Why it happens: Timed pressure can feel defeating, especially if progress slows. Fix: Celebrate attempts, not just scores. Remind children that every session — even a tough one — is building the brain.


Fun Practice Methods Beyond the Screen

While Hit the Button is excellent, combining it with offline practice makes learning even more powerful.

At home:

  • Stick times tables posters in the bathroom or bedroom — passive exposure works
  • Use a kitchen timer and quiz your child verbally at the dinner table
  • Play “fastest finger” — call out a maths fact and see who in the family answers first

In the classroom:

  • Display a “Table of the Week” and test pupils at the start and end of the week
  • Run a two-minute Hit the Button maths session on the interactive whiteboard as a class warm-up
  • Pair pupils and have them quiz each other using flashcards before a game session

Real-life applications:

  • Shopping maths — ask your child to calculate 4 items at £3 each while in the supermarket
  • Cooking — double or halve a recipe together, turning it into a live maths challenge
  • Sport scores — calculate cumulative scores during a match using multiplication

You can also practise number bonds, division facts, doubling and halving, and square numbers alongside your Hit the Button game sessions for a well-rounded maths routine.

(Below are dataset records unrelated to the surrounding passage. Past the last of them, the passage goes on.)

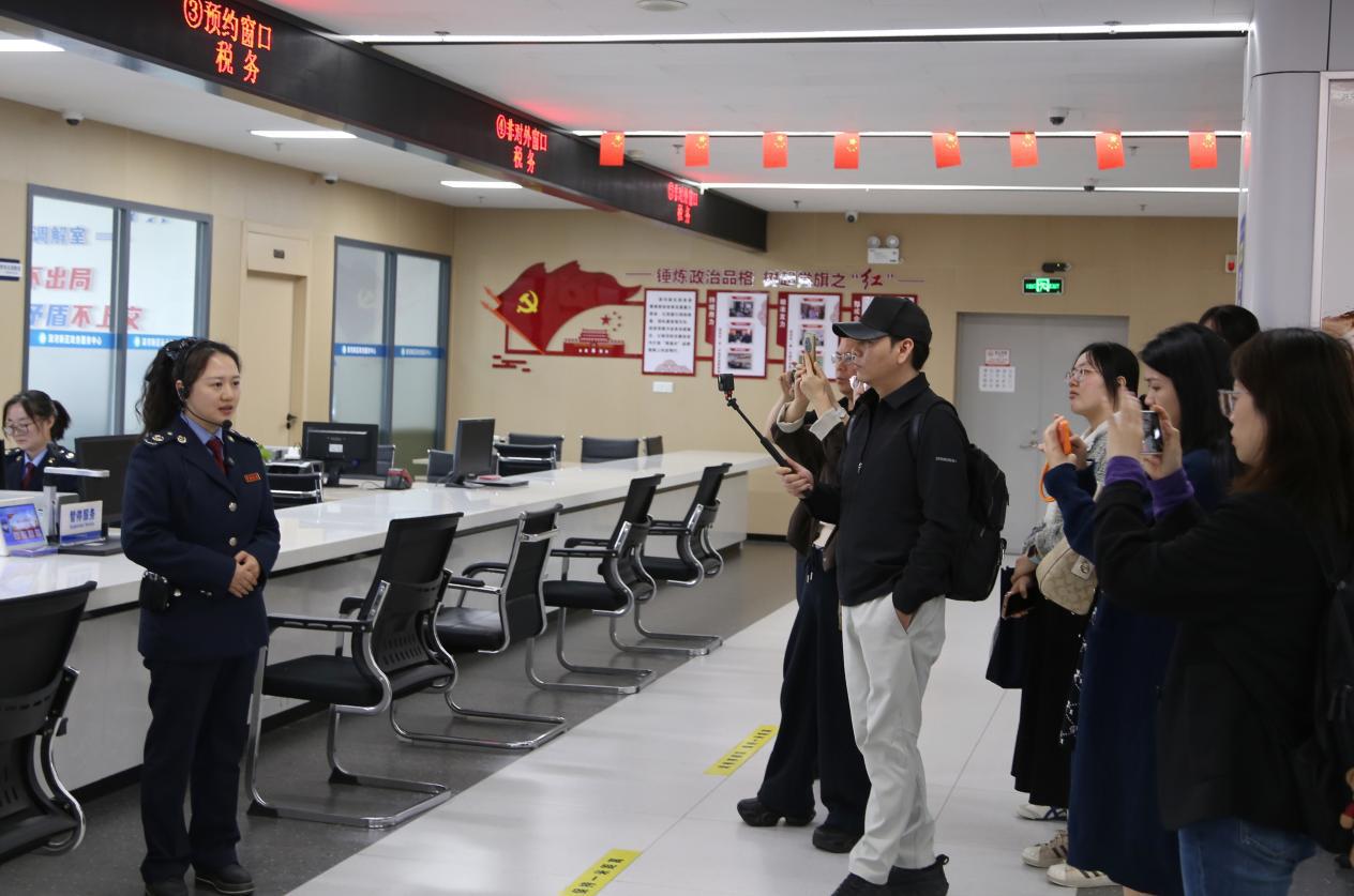 企业走访结束后,媒体采访团前往荆门市漳河新区办税服务厅,实地体验智慧税务赋能下的办税便捷。
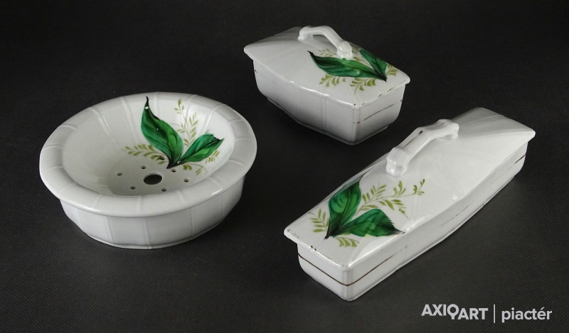 [1N289/Z039] Gyönyörű, szép állapotú, öt darabos nagy méretű kézzel festett porcelán mosakodó készlet. A készlet darabjai: - 1 darab nagy méretű mosdókancsó (34 x 16.8 x 22.3 cm) Fülénél kisebb hajszálrepedés. - 1 darab nagy méretű mosdótál (12.8 x 43.7 cm) - 1 darab kör alakú szappantartó (5.3 x 16.8 cm) Peremén kisebb lepattanás. - 1 darab fedeles fogkefe tartó (8.5 x 7.3 x 22.7 cm) - 1 darab fedeles tároló doboz (8.8 x 9.2 x 14.6 cm) Fedelén csillagrepedés. Alján formaszám: 4002 4 Súly: 6.945 kg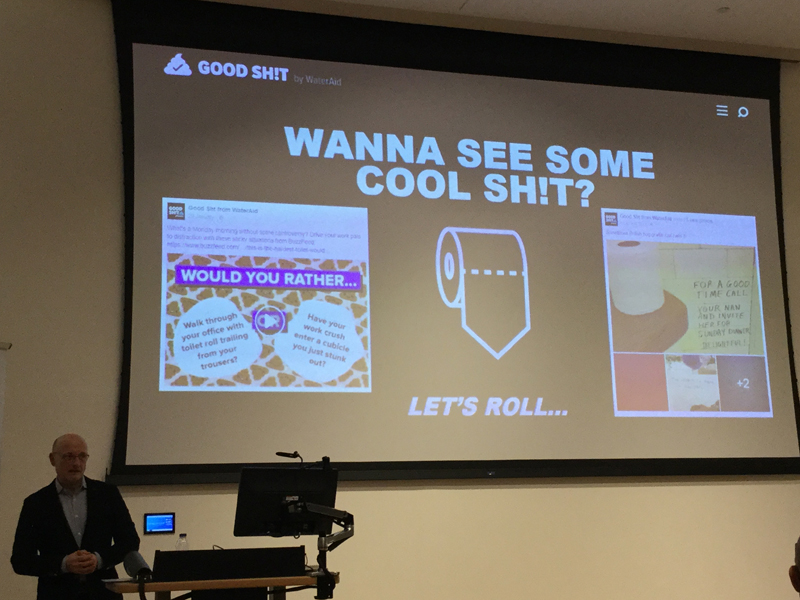 During the talk, Missen presented some of the most successful campaigns WaterAid has led, for example, Out of order, a multi-media exhibition featuring female artists, exploring what it means to be a woman living without toilet access and the impact that lack of decent, private toilets has on 1 in 3 women across the globe.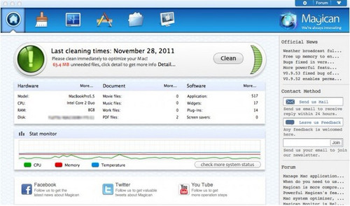 Magician for mac 0.9.63 正式版免费挤鼠心旷神怡目寸光眉弄眼要留下人生足迹,就必须一步一个脚印;要少走人生弯路,就必须三思而行。92. On Sunday, May 18, we will visit Beijing, which has a history of 400 years.258.曲径通幽处,禅房花木深。常建《题破山寺后禅院》 Magician mac版是MAC OS平台上的一款杀毒软件,功能强大,堪比OS平台上的360卫士,这是一款免费的软件,喜欢的用户赶快下载吧。 基本简介 它可以实现一键扫描清理Mac OS X系统,实时监控系统状49. 遇到对的人之后,眼角眉梢都是你,四面八方都是你,上天入地都是你,成也是你,败也是你。态(CPU占用和硬盘信息等),终止进程等。 安装启动Magician之后,Magician给我的感觉整个就是一个Mac 优化大师,加入了非常实用的漂浮小窗口显示上下载速度和系统占用,就差开机时间大比拼了,由不得你联想到家喻户晓的360安全卫士。不过功能还是不错滴,系统运行久了,打扫卫生是必须的嘛。 虽然软件现在的界面是英文版的,但是都是基本的英语词汇,想必不会给大家的使用造成很大的障碍。   软件截图2 帐庐好在春睡,共飞归湖上,草青无地。愔愔雨、春心如腻、欲待化、丰乐楼前帐饮,青门都废。何人念、流落无几。点点抟作雪绵松润,为君囗泪。泉壑带茅茨,云霞生薜帷。Magician,for,mac,杀毒工具It gives rise to (lead to / bring / create) a host of problems (consequences). |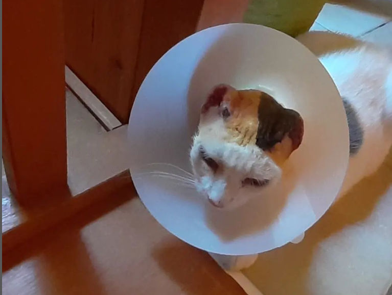 Quel soulagement depuis son retour à la maison hier en fin de journée. Le choc de la nouvelle la semaine précédente, plus l’appréhension de l’opération, des opérations à vrai dire, car il a aussi été soulagé de quelques dents en mauvais état, ça faisait beaucoup pour mon p’tit coeur. Mais de le voir en forme, toujours aussi mignon, ben, pfiou ! ça fait du bien. Ce matin, il tient une super patate ! ça va être quelque chose de le garder enfermé pendant 1 semaine (temps de port de la collerette)… Heureusement que la canicule fait que de toute façon, portes et fenêtres restent fermées toute la journée, de ce côté là, ça ne change pas nos habitudes ni celles des autres minous. La seule différence est que l’accès à l’escalier qui mène au rez-de-chaussée est fermé provisoirement. Il va y avoir du groom service !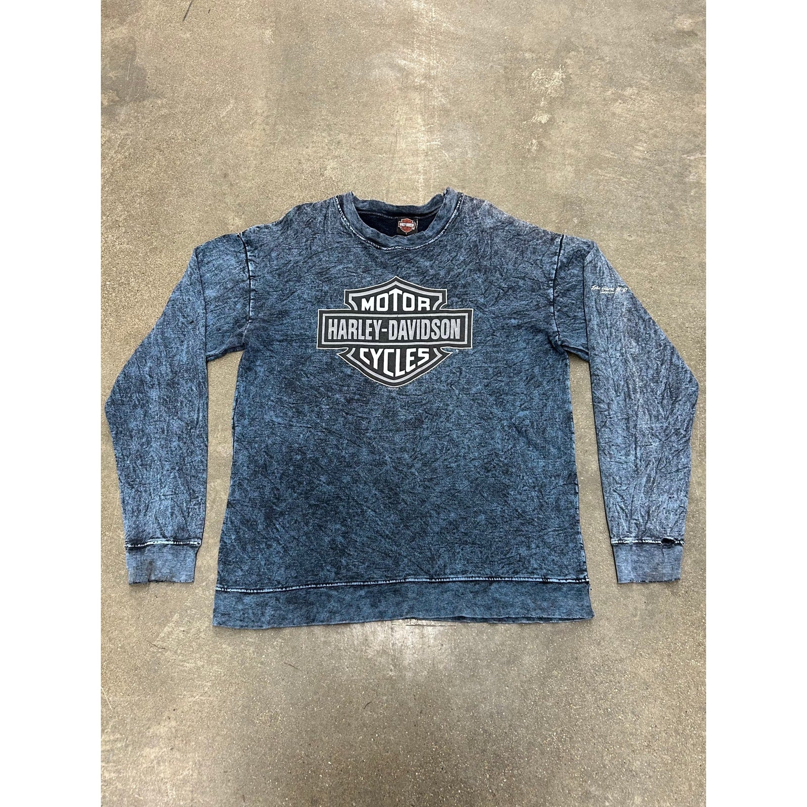 Y2K Harley Davidson Crewneck – Vintage Motorcycle Apparel | Classic Biker Sweatshirt Color: Washed Black Tagged Size: L Shoulder to Waist: 23in Pit to Pit: 32in

Practise This Skill Using Hit the Button

If you want to see real improvement — quickly — there is one tool that consistently delivers results for KS1 and KS2 children: Hit the Button.

The Hit the Button game is designed specifically for primary school learners. It covers:

  • Times tables (2× through to 12×)
  • Division facts
  • Number bonds (to 10, 20, and 100)
  • Doubling and halving
  • Square numbers

What makes press the button maths so effective is the combination of speed, accuracy, and immediate feedback. Children know instantly whether they are right or wrong, and the score system gives them a clear goal to beat.

Unlike passive revision, the game puts children in an active, pressured state — which is precisely when the brain encodes information most effectively.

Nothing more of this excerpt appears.